A Commission proposal for an adjusted set of own resources, based on corporate taxation and released on 20 June 2023, completed the three other proposals for new sources of revenue that had been presented in 2021 but have not yet been adopted by the Council: revenues from emissions trading (ETS), from the EU Carbon Border Adjustment Mechanism (CBAM) and from a share of residual profits from multinationals.
BEFIT and a global financial transaction tax
As a prerequisite to proposing an own resource based on corporate taxation, the EESC urges the Commission to develop the Business in Europe: Framework for Income Taxation (BEFIT) tool as soon as possible. The Commission should set clear aims in relation to simplifying the tax landscape and ensuring the competitiveness of existing new tax directives. In particular, the EESC highlights the need to base the BEFIT rules on harmonised definitions and standards as well as a more refined estimation of the potential additional revenues linked to implementing it.

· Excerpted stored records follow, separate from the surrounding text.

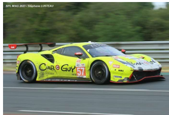
Ab – Kimura / Huffaker / Serra Ferrari 488 GTE Evo # 57 Kessel Racing 254 tours
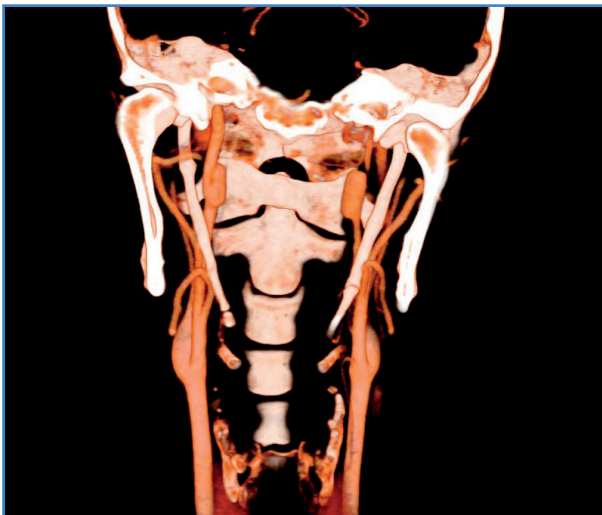
Figura 1. TC angiológico de troncos supraaórticos que muestra disección carotídea bilateral con pseudoaneurisma izquierdo y elongación de apófisis estiloides de 80 mm.

Durante la realización de ejercicios intensos de tonificación de abdomen y escalada comenzó con cefalea temporal y periocular izquierda asociada a alodinia al tacto del cuero cabelludo en la región frontal izquierda. Al día siguiente, al despertar, presentó ptosis palpebral izquierda. Acudió inmediatamente al servicio de Urgencias, donde fue valorado por el equipo de oftalmología y de neurología. En las pruebas complementarias se objetivó disección de ambas carótidas internas con apófisis estiloides de > 80 mm (Figs. 1 y 2).
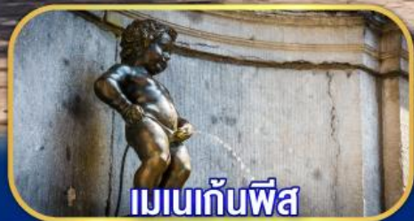
เมเนกันพีส
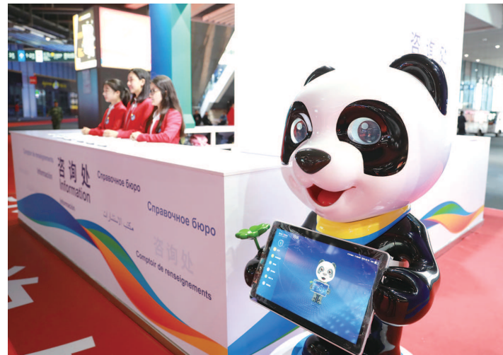
图为咨询服务台为参观者提供服务

市服务保障重点任务为工作场景，按照全流程、全天候、全要素的要求，努力实现“四个检验”“六个确保”的目标。“四个检验”即：检验指挥体系是否运作顺畅、检验方案是否细致周密、检验协调配合是否无缝衔接、检验应急处置是否快速响应。“六个确保”即：确保重大活动圆满成功、确保展会运行高效顺畅、确保工作人员训练有
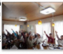
↑ふれあいのウス絆 敬高喫茶

会議の開催に向けて、事前研修会や先進地への視察を実施しています。例えば、今展開している高齢者を支える活動が、10年後も続いていくようにするには？ もっと志津南をよくしていくための語り 合う場が、 間もなく始まります。
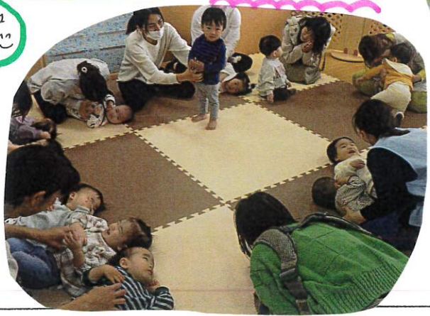
ふれあいのあそび♡
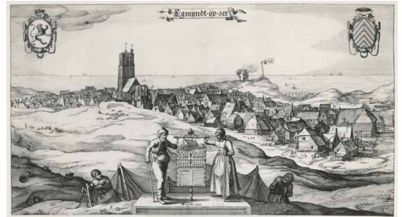
Egmond aan Zee in 1615 op een tekening van C.J. Visser, met de Sint Agneskerk en aan de kust twee vuurboeten op een hoog duin.

In die tijd werd de Noordzeekust regelmatig geteisterd door stormen. Het duingebied bij Egmond kalfde steeds verder af waardoor het dorp in gevaar kwam. Tijdens de kerststorm van 1717 verdween een deel van het dorp in de golven en was de kustlijn zo ver naar binnen gekomen dat de toren van de Agneskerk op omvallen stond. Er werd daarom een verdedigingswerk van rijshout aangelegd maar het mocht niet baten. Op 27 november 1741 stortte de westzijde van de kerktoeren onder stormgeweld in. Omdat de toren zo belangrijk was voor de scheepvaart
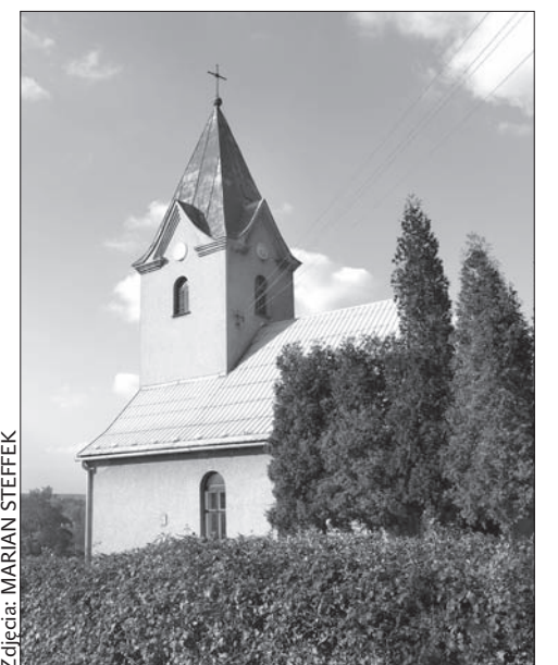
Kościółek ewangelicki na cmentarzu.

Budowę kaplicy rozpoczęto 10. IX. 1923 r. a dokończono w r. 1924. Poświęcka odbyła się
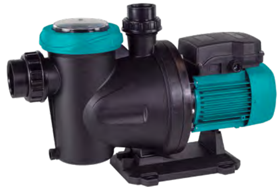
Tabla de características
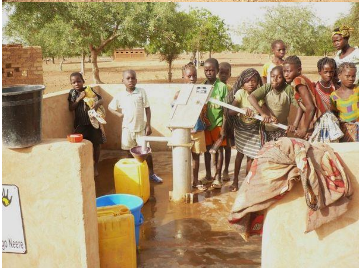
Le puits en exploitation
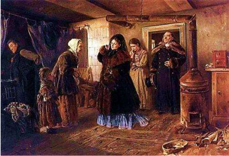
Репродукція картини В. Маковський «Відвідування бідних»

The Committee also deems it reasonable to explore the possibility of including financial services to BEFIT or of working on a global financial transaction tax (FTT) as proposed by the European Parliament while at the same time assessing impacts of the proposal. The new tax provisions should then be combined with targeted rules aimed at devoting part of the additional expected tax revenues to EU own resources.
Go beyond CBAM
The idea behind the Carbon Border Adjustment Mechanism (CBAM), agreed between the Council and the Parliament and proposed as an own resource in 2021, was to motivate the EU's trading partners to decarbonise their production alongside the EU. Further to this, the EESC asks the Commission to consider an additional levy targeting EU companies importing products from third-country manufacturers that do not ensure proper protection of workers. This option would only be considered as long as it is compatible with WTO rules and subject to clear criteria for applying it. At the same time, the EESC calls again for some form of export relief so that EU companies can compete on third markets.

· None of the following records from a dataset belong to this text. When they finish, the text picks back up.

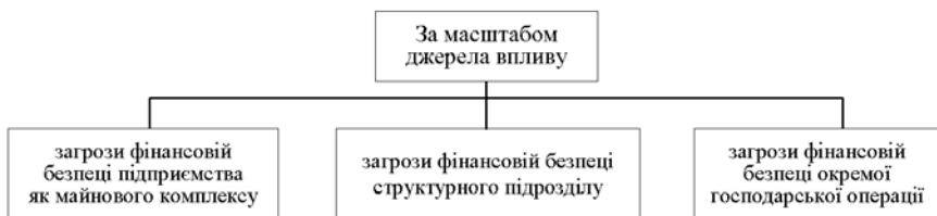
Рис. 2. Систематизація викликів фінансовій безпеці підприємства за масштабом джерела впливу [5]

Класифікація загроз щодо фінансової безпеки за масштабом джерела впливу представлена на рис. 2.
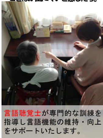
言語聴覚士が専門的な訓練を指導し言語機能の維持・向上をサポートいたします。
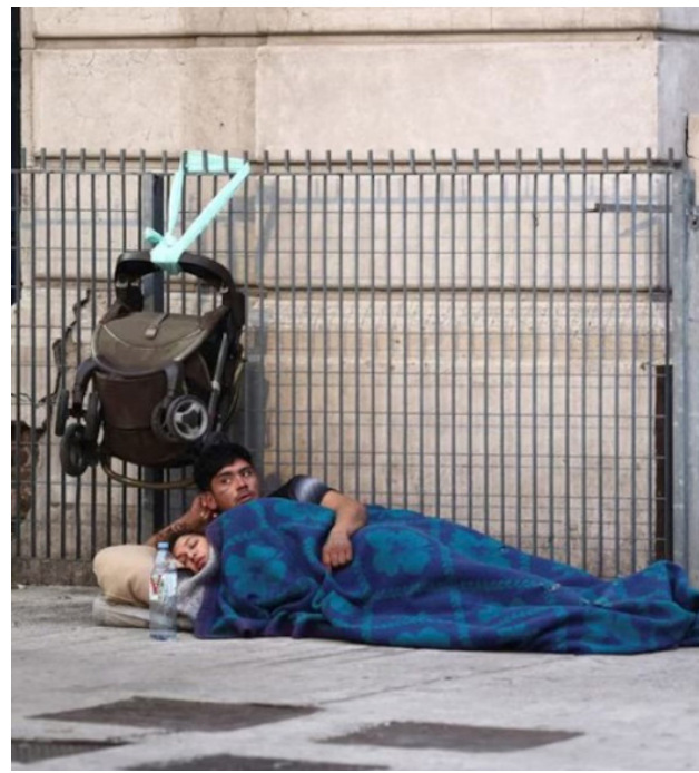
El Observatorio de la Deuda Social Argentina analizó el "efecto estadístico" de la medición del Indec que explicó, en parte, el fuerte descenso de la pobreza y la indigencia de este año.

Sin embargo, desde el cuarto trimestre de 2023 y el
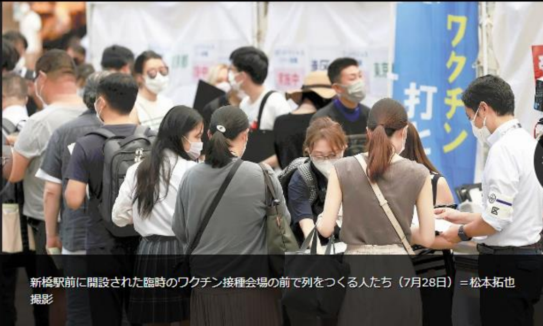
新橋駅前に開設された臨時のワクチン接種会場の前で列をつくる人たち（7月28日）
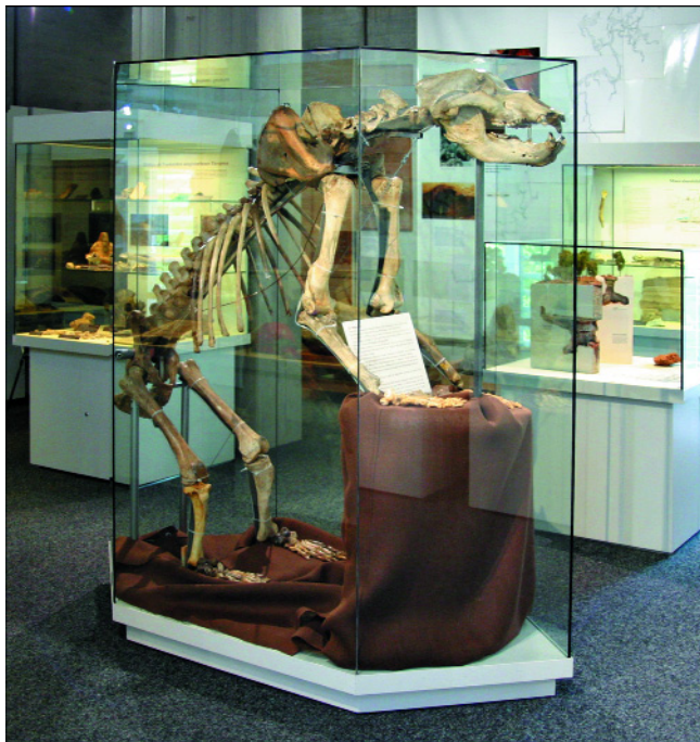
Abb. 3. Besonderer Blickfang in der Ausstellung der Abteilung zur Karst und Höhlenkunde im Museum „Natur und Mensch“ der Naturhistorischen Gesellschaft Nürnberg ist das Skelett eines ungewöhnlich großen Höhlenbärenindividuums.

Weitere Informationen über die Naturhistorische Gesellschaft, ihre Abteilungen und das dazugehörige Museum finden sich unter www.nhg-nuernberg.de .
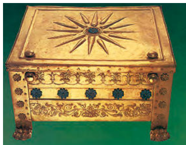
5. Χρυσή λάρνακα με το έμβλημα των Μακεδόνων βασιλιάδων (Βεργίνα, κτίριο προστασίας βασιλικών τάφων)

Ο Αλέξανδρος σ' έναν λόγο του λέει στους Μακεδόνες:
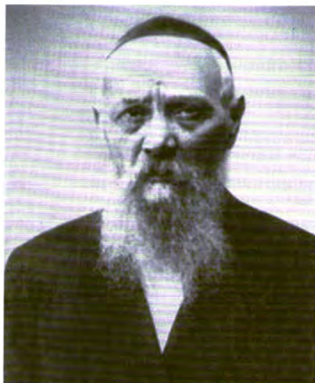
אביו של מנחם-מענדל, לוי-יצחק שניאורסון, איש קבלה מובהק ורב העיר יקטרינוסלב. לוי-יצחק נאסר בידי המשטר הקומוניסטי והוגלה לקזחסטן, שם נפטר בשנת תש"ד, 1944

מנחם-מענדל יצא מגניו יורק לפריז כדי לפגוש את אמו ולהסדיר את נסיעתה לארצות הברית
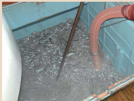
1 船から加工場へ、原料（イワシなど）をポンプで直接運び入れます。
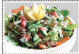
سلطة عرب ARABIC SALAD Dhs. 8.50
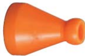
Внешний вид переходника 84851

Описание: Переходник для соединения системы с внутренним диаметром 1/2" с системой с внутренним диаметром 1/4"

Finally, pursuant to the OECD/G20 Inclusive Framework, whereby a standstill and withdrawal period concerning digital taxes had been agreed on, the EESC is of the view that an EU-wide tax on digital transactions to increase own resources could potentially be considered. However, this would only apply in the event that the agreed rules of the OECD/G20 Inclusive Framework are not respected by other major trading partners.
The proposal the Commission presented on 20 June does not take up the EESC's proposals. Because BEFIT still needs to be developed, the package proposes a new temporary statistical own resource based on company profits. In addition, the Commission also proposes to adjust the own resources proposals based on the Emissions Trading System (ETS) and CBAM compared to the original proposals from December 2021.